The thermal spray processes are generally categorized by energy source type, shown in Fig. 2. The processes are classified based on the temperature and velocity of the jet stream produced. Splats are common in thermally sprayed coatings, but the nature of splat borders (commonly oxides at such boundaries), porosity, and residual stress vary greatly. Furthermore, corrosive chemicals can use the interplat bonding and linked pores as short-circuit diffusion pathways (Song et al. 2017). As a result, the microstructure and composition of coating material must be customized to assure their suitability in different applications, such as excellent corrosion resistance in hostile environments.

Fig. 2

Classification of thermal spray process adapted from Ann Gan and Berndt (2015)

Flame spray process

Flame spraying is a century-old procedure that injects oxygen and fuel (acetylene or propane) through a gun nozzle, as shown in Fig. 3 (Xanthopoulou et al. 2014). Combustion of the gaseous mixture takes place before the nozzle forms a flame. The flame temperature varies between 3000 and 3300 °C depending on the oxygen-to-fuel ratio. The feedstock materials utilized can be in powder or wire form. Nickel- and cobalt-based alloys, some refractory metals, ZrO₂, Al₂O₃, TiO₂, and Cr₂C₃ in a NiCr matrix are some materials deposited using this process. The spray process is adaptable, portable, and has a low capital cost. Coatings with a high porosity content are frequently created using this approach (Singh et al. 2018).

Fig. 3

Schematic diagram of the twin wire arc spraying process (Wagner 2021)
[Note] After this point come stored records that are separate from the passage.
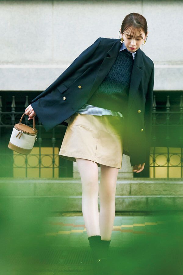 ジャケット¥8,899/VIS(ジュンカスタマーセンター) ニット[襟付き]¥7,590、スカート¥9,900/ともに31 Sons de mode(ヒロタ) シャツ¥9,990/PLST バッグ¥3,690/神戸レタス ピアス¥22,000/ジゼルベー(ズットホリック) ソックス¥1,210/靴下屋(タビオ) ローファー¥20,900/ワシントン(銀座ワシントン銀座本店)
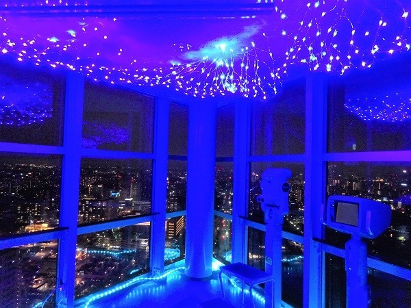 展望室で幻想的な天の川を見よう。日常から離れた癒しの空間と夜景をお楽しみください。
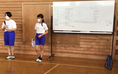 校長挨拶では、学校の学びを支えてくれた地域の方々のお話をしました。そして、「夏休みは、地域に出て、いろいろな人と関わり、学校ではできない学びをたくさんしてください。2学期が始まったら、夏休みの出来事をたくさん聞かせてください。」と話しました。

The flame spraying process consumes less energy and is more cost-effective than any other thermal spray process; nevertheless, it lacks corrosion resistance. Rana et al. (2015) used a flame spray process to deposit NiCrAlY coatings exposed to atmospheric air and a solution of Na₂SO₄ + V₂O₅ salt at a temperature of 900 °C. The as-sprayed coatings had a unique morphology, including pre-oxidized alumina and unoxidized Ni and Cr regions. This shape protects against air oxidation and aids in confronting the harsh molten salt. The formation of nickel, chromium, and spinel oxides was developed all over the surface of a molten salt environment.

On the other hand, the pre-oxidized portion was unaffected by air oxidation. The porosity of the finishes had a minor impact on the oxidation of the air. High levels of in situ oxides and pores in flame-sprayed coatings hinder the process’s effectiveness in general high-temperature applications.

Electric arc spray (wire arc) process

In the wire arc process, instead of using flame, twin consumable electrode wires were used to produce an electric arc (controlled) to fuse the material to be coated. The wires contain chemical compositions like those of the required coating. The arc melts the wire from its tip. The molten material is crumbled and pushed toward the substrate surface by compressed air or inert gas jet. A diagram of the wire arc spraying technique is shown in Fig. 3. This process enhances bonding strengths and higher spray rates than the flame spray technique, but reduces porosities. Moreover, this process adversely affects humans and ecology, generating arc light, ozone, and fumes (Wagner 2021).

At 550 °C, an arc spray Alloy 625 coating was subject to atmospheric air for 168 h while exposing it to a KCl salt build-up was studied by Fantozzi et al. (2017). During the spraying process, the coating worked well as a higher degree of particle melting was useful in lowering interconnected porosity and impeding chlorine penetration. Although the formation of dense, non-porous oxides at the splat boundaries may act as barriers, their impact on the coatings’ corrosion resistance is unknown. The chemical compositions rather than the microstructures of FeCrAlBY, Fe-based coatings with high concentration sprayed by this technique were also helpful in receding high-temperature corrosion (Korobov et al. 2016). Both arc and flame spray methods are economical in boiler applications, and in situ, oxides and pores formed in the finishes prevent them from being used in high-temperature applications.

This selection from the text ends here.